**What is required:** Lines in the entries below where the word "Grosseto" shows up should each be copied.
Supplied data START
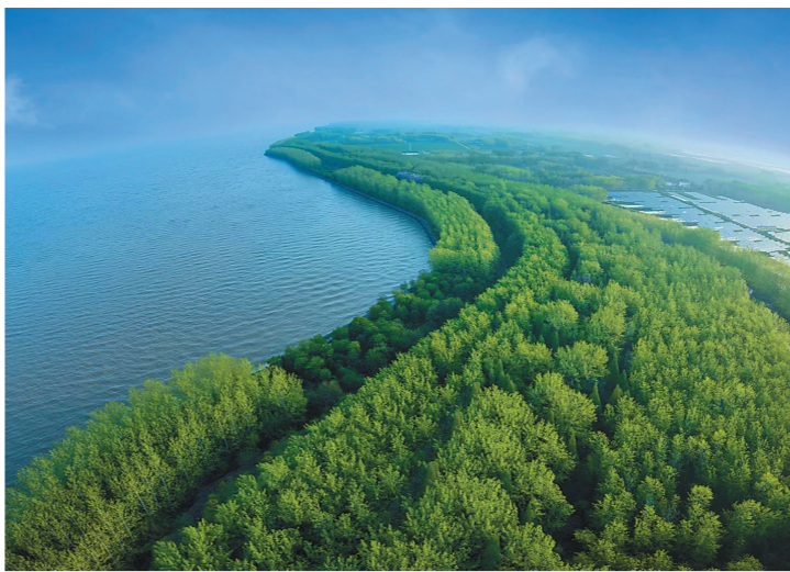
延伸70多公里的洪泽湖生态绿堤。
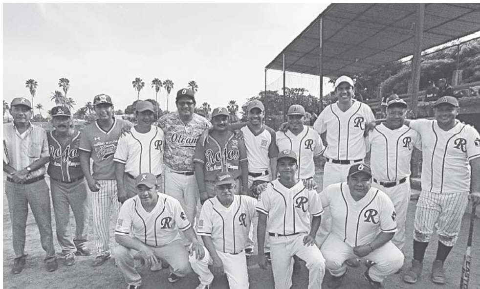
► Rojos mantiene el tercer puesto.
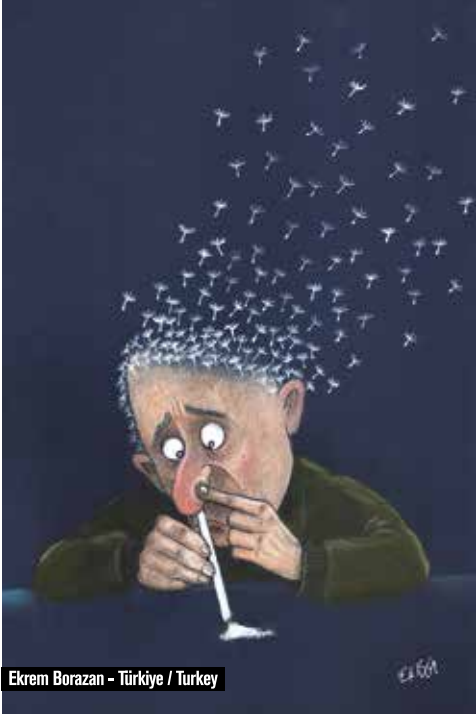
Ekrem Borazan - Türkiye / Turkey

Uluslararası Yeşilay Karikatür Yarışması eserlerinden seçilmiştir.
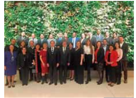
Foto 2: Representantes de países de América Latina se reunieron en octubre de 2017, en encuentro ParlAmericas realizado en Canadá, para debatir sobre la experiencia transparencia y probidad en la región. transparencia y probidad.
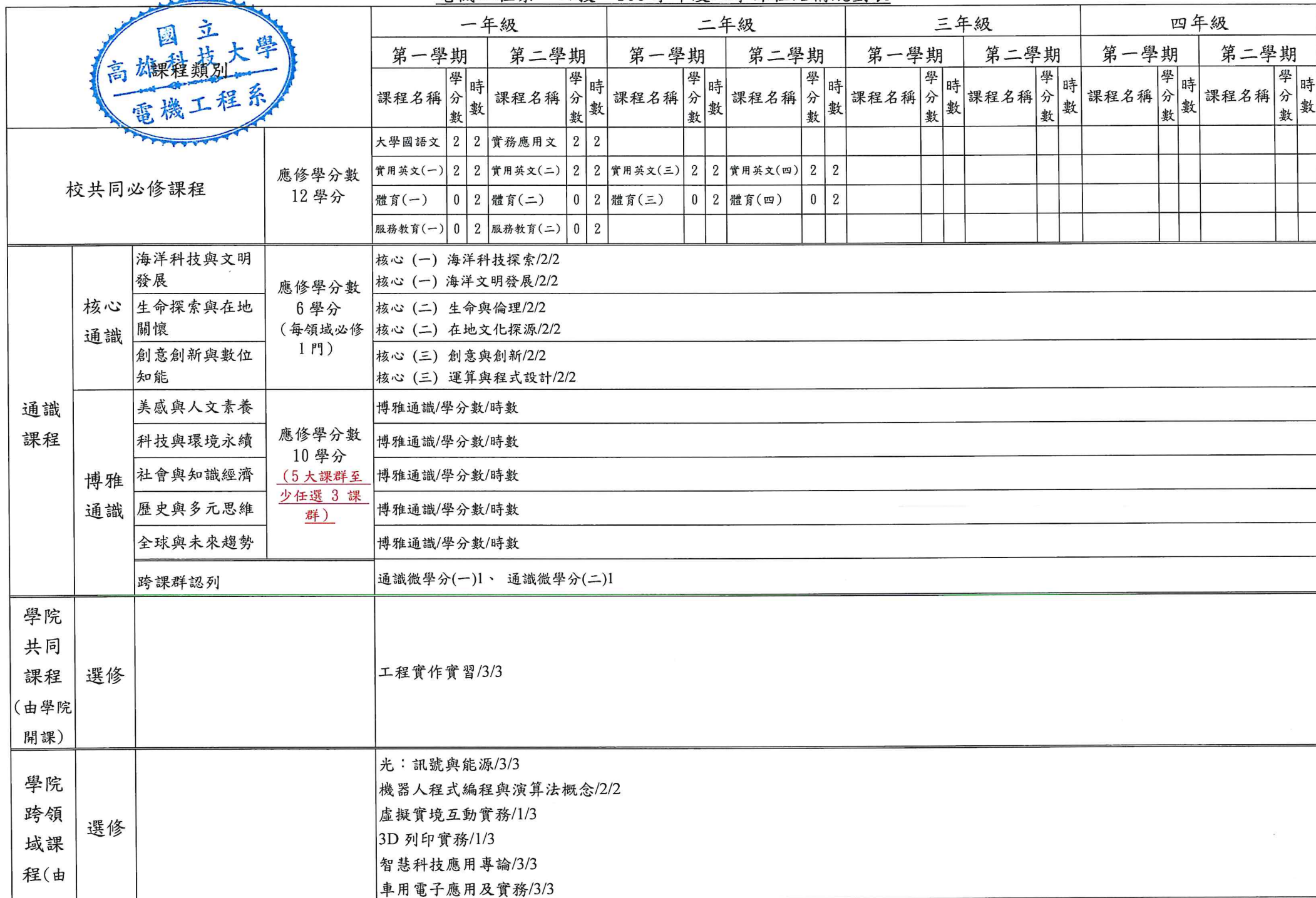
電機工程系 四技 109 學年度入學課程結構規劃表
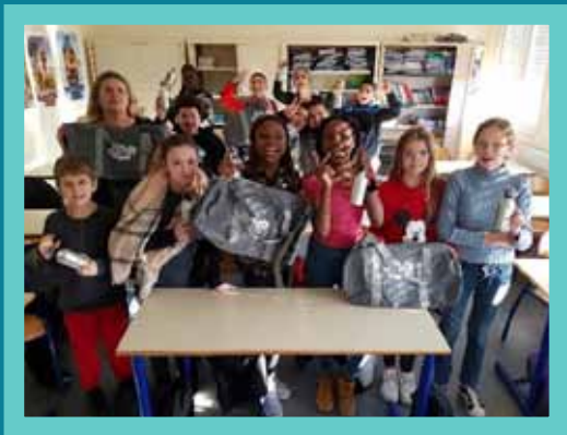
Refonte du site PSJ : participation de 100 jeunes et de 17 parents
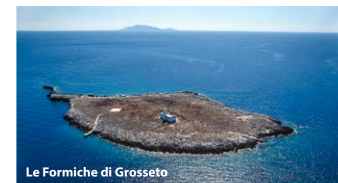
Le Formiche di Grosseto

Salpiamo per una bella veleggiata verso Porto Azzurro, ma facciamo tappa alle Formiche di Grosseto, tre isolotti a circa 15 miglia da Porto Santo Stefano, veri e propri paradisi naturali incontaminati, ricchi di reperti archeologici. Solo 18 miglia ci separano dalla Marina di Scarlino, quindi Porto Azzurro è località migliore per trascorrere l'ultima notte.
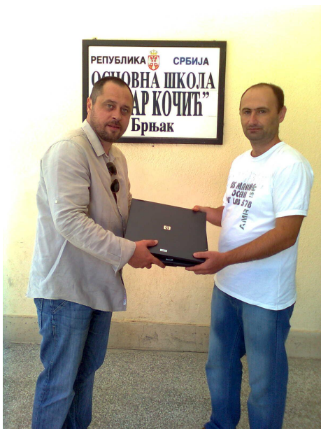
Übergabe von Laptops in der Brnjak Schule
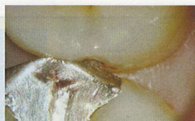
マイクロスコープ
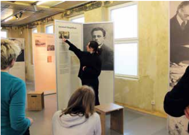
Führung in der Sonderausstellung Verfolgen und Aufklären

die Verbrechen begangen haben. Sie wollten Beweismaterial für spätere juristische Verfahren sammeln und das Andenken an die zahllosen Toten und die vernichtete jüdische Kultur bewahren.
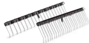
BAGMONTERET RIVE PARK 100 / 130 1.295,-
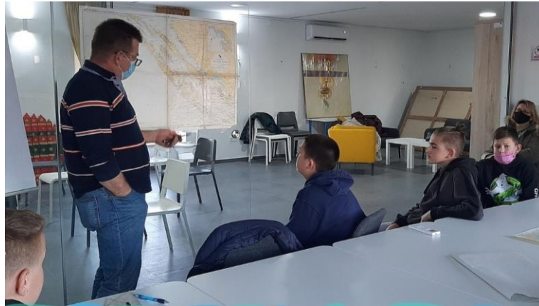
Slika 17. Primjer edukativne radionice pod nazivom Osnova plovidbe u sklopu programa Škole jedrenja .

Koncept plovidbe Ljetne škole jedrenja podrazumijeva plovidbu u tradicionalnom drvenom brodu, odnosno u školskoj gajeti Kurnatarica i gajeti Zadrugarka (vlasništvo Poljoprivredne zadruge ) tijekom Dana latinskoga idra ( Latinsko idro , 2020). Djeca se upoznaju sa znanjima i mornarskim vještinama koje su itekako važne za život uz more i na moru. Svaka plovidba traje 90 minuta, a plovi se murterskim akvatorijem dva puta tjedno tijekom ljetnih praznika. Plovidbe uvijek vodi Tina Skračić uz još jednog od aktivnih članova Udruge (Šime Jušić, Leo Mudronja, Krešimir Papeša, Šime Lovrić).
Supplied data END
**Finished exercise:**
Le Formiche di Grosseto
Salpiamo per una bella veleggiata verso Porto Azzurro, ma facciamo tappa alle Formiche di Grosseto, tre isolotti a circa 15 miglia da Porto Santo Stefano, veri e propri paradisi naturali incontaminati, ricchi di reperti archeologici. Solo 18 miglia ci separano dalla Marina di Scarlino, quindi Porto Azzurro è località migliore per trascorrere l'ultima notte.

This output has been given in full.